When she noticed me, she lowered her head with furrowed brows, her cheeks speckled with bloody fingerprints, and her pupils had dilated at twice their size. Don’t you look at me like that, pig, she had said in a voice that was hers but then again it wasn’t. I stood at the doorway with my legs crossed to hold in the urine. It took all of the courage that I had to squeak out my reply, “I have to go to the bathroom.”
I have to go to the bathroom, she had mocked. Shut the goddamn door before I shut your fucking head in with it.
She never took her eyes off me as I pulled the door shut. Once it was fully closed, I listened carefully from the other side to her conversation she had with herself. I didn’t know what she was saying. She didn’t sound the way she typically did when she was drunk. She was different. I didn’t know how to react, or what to think.
My bedroom door was locked when I tried the doorknob, and Marco suggested that I feel the top of the doorframe for a key. I ran my fingers along the thin edge, and dust spilled over and into my eyes, but there was nothing up there.
“Why would she keep my bedroom door locked?”
“I’m not sure.”
“You guys didn’t bother checking in here when you responded to her death?”

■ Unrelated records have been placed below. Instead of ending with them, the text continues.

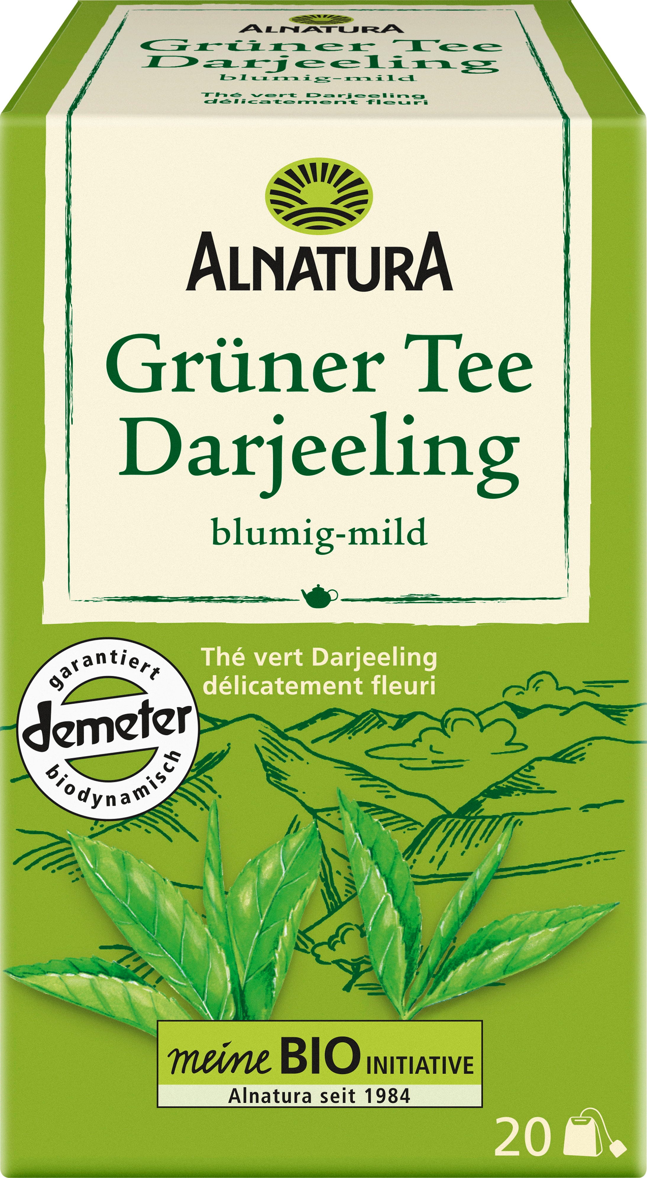 Nežen cvetlični okus je zaščitni znak bio zelenega čaja Darjeeling znamke Alnatura. Čajni lističi so obrani v severnoindijski regiji Darjeeling, kjer se v njihovi aromi prepletata svežina in moč narave. Čaj je pridelan biodinamično po smernicah Demeter. Zaradi visoke lege med 1.200 in 1.600 m rastlina raste počasi, kar ji pomaga razviti izjemno intenzivno aromo, ki bo zagotovo popestrila vašo skodelico čaja.
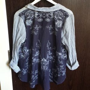 A light, airy button down top made of cotton & spandex for added comfort. The buttoned up stripe is accented with a sheer back with a subtle floral print. The perfect shirt for a summer day & white shorts! Lightly worn, slimming fit, and lovely light blue color.
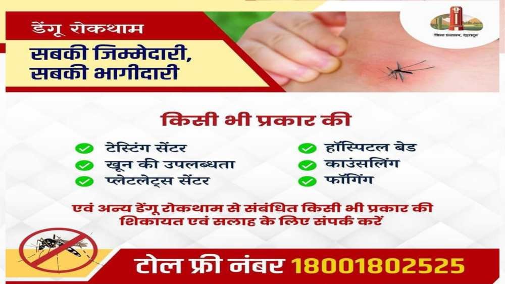 देहरादून: जिलाधिकारी सोनिका के निर्देशन पर जनपद देहरादून में डेंगू नियंत्रण एवं बचाव हेतु डीआईसीसीसी में कंट्रोल रूम स्थापित किया...
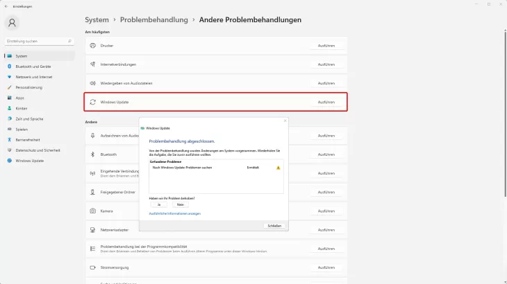 - Windows 11: Call Start > Settings > System > Problem treatment> other problem treatments . To the right of Windows Update Click on the button .

“I don’t know anything about this case, Jesse.”
“What are you doing here, then?”
Marco seemed almost offended. “I volunteered to be the designated officer in giving you the key to the house. I wanted to see you again.”

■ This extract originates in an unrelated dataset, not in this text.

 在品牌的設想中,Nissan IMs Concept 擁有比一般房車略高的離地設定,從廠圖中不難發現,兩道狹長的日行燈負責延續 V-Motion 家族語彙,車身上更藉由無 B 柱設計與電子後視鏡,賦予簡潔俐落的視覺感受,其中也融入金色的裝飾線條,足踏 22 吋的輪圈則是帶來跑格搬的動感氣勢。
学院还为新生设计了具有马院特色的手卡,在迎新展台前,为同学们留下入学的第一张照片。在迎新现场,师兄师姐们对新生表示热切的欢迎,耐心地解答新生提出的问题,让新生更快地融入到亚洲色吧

And your disgusting life, the voice chimed in my thoughts.
“Besides,” he continued, “she did it in the basement. There shouldn’t be a reason to look inside your bedroom.”
I looked past Marco at the closed door to the basement.
“You wanna go down there?” He asked.
“No,” I said sternly. I paused, then added, “I don’t think I’m ready yet.”
That was a lie. I did want to go down into the basement. I wanted to confront the truest horror that no child should ever have to go through. The thought of descending down into the dank depths of the cold basement made my stomach drop, and for a moment I thought I was going to pass out.
The basement was where the bad kids went.